# How to reduce an oily nose?



## ak3891 (May 15, 2012)

I'm 17, didn't know whether to post this in the teen section lol


----------



## mahouyuki (Aug 11, 2012)

Use something with benzoyl peroxide like OXY10 and moisturisers made to keep your skin oil free.


----------



## Fawnhearted (Jul 24, 2012)

use a toner/astringent (nothing too harsh, cotton pads work better than cotton balls) after washing your face, and make sure to moisturize using an oil-free non-comedogenic moisturizer. 

your skin will always be a little oily, but that just means you'll look younger longer. :b


----------



## heyJude (Aug 1, 2009)

Blotting papers work wonders!


----------



## Cashew (May 30, 2010)

^ Agree, blotting papers are amazing.


----------



## Amethyst Forest (Jul 29, 2012)

I third that about the blotting papers! They are awesome between washings. I like how I can see how much oil they remove from my face. I also wash my face with the orange clean n' clear cleanser every time I shower, and follow it with a gentle salicylic acid astringent after I get out of the shower.
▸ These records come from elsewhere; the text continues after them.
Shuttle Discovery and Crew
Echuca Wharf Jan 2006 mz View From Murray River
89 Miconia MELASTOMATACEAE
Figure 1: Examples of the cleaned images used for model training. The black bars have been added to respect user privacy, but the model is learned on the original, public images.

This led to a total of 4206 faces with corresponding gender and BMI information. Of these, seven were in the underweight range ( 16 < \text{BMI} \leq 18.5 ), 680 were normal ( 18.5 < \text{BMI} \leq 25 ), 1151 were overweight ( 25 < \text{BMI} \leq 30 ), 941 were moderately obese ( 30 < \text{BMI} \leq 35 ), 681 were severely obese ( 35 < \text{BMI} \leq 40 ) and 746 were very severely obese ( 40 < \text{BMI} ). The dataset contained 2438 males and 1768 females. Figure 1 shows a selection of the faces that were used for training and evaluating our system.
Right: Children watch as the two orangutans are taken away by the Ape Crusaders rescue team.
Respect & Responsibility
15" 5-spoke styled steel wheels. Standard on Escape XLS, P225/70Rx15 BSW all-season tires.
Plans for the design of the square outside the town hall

That seems to work well for keeping my skin clear and the oil slicks at bay.


----------



## Lokis Whispers (Feb 24, 2012)

I never liked the blotting papers, they wound up making my skin MORE oily  I used to go into the bathroom every five or so hours and wipe my face with a towel, then I started on the papers and then I was using like two blotting papers every hour in between classes. When I went to a dermatologist he told me that the papers pretty much suck the oil off your nose, and your skin starts producing even more oil to try to keep a balance. This isn't true for everyone, obviously it depends on skin type. And I had the skin type that just didn't like the blotting papers.
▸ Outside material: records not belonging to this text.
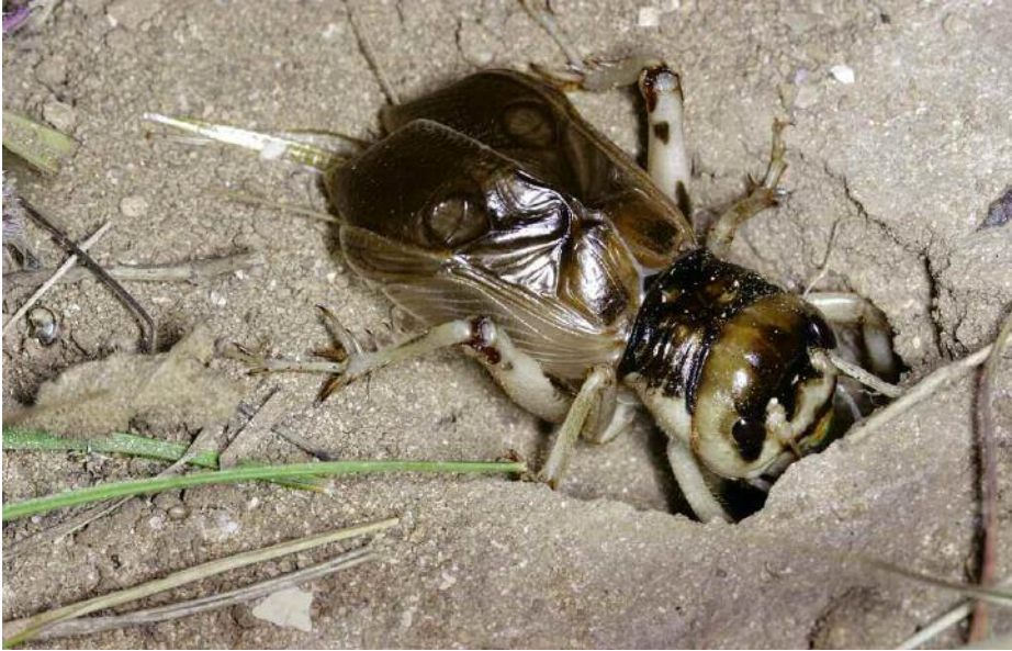
Fig. 1 — Brachytrupes megacephalus stridulating at its burrow entrance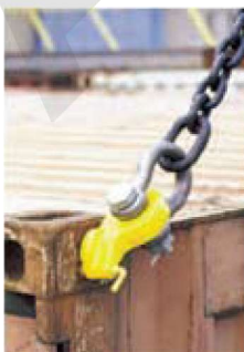
Container lifting lug CLB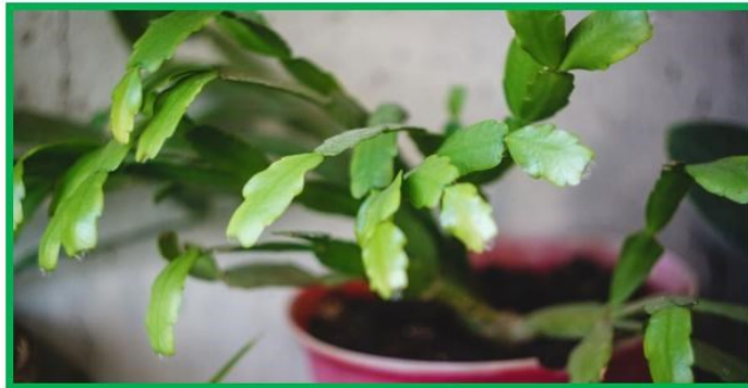
Christmas cactus leaves are rounded.

Christmas cactus on the other hand, comes from a species called Schlumbergera russelliana with some S. truncata or possibly a couple of other species mixed in. The resulting hybrid is known as Schlumbergera x buckleyi and can be hard to find for sale. Its stem segments lack pointed teeth, with more scalloped or rounded edges.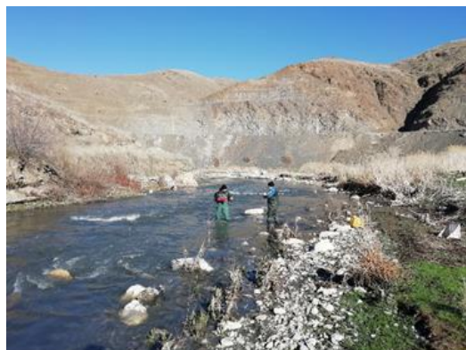
Figure 3: Station 3 with gravel bed after the refinery.

industrial, urban, and domestic wastewater enter the river.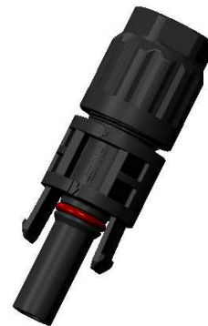
See Fig 2 Connector Female PV4-SFx/S1Fx..... (PN 2270025)

He told me to put on a non-comodogenic moisturizing lotion after I wash my face and it should help balance my oil production. I was skeptical at first since I assumed "moisturizing" meant it would make my skin MORE oily. But now I use a face cleanser in the shower and right afterwards when I get out I put on some of the lotion, and now my face doesn't look like I'm sweating oil. I was surprised how much it worked.


----------



## ohm (May 2, 2012)

I have extremely oily skin. I wash my face every morning and night with raw honey. It's antibacterial, so it kills any acne germs, and it's a humectant so it helps to seal in moisture so that my skin's oil glands don't try to compensate for a lack of moisture. It seems to work pretty well as long as I don't forget to do it (I sometimes forgot to after I take a shower lol.)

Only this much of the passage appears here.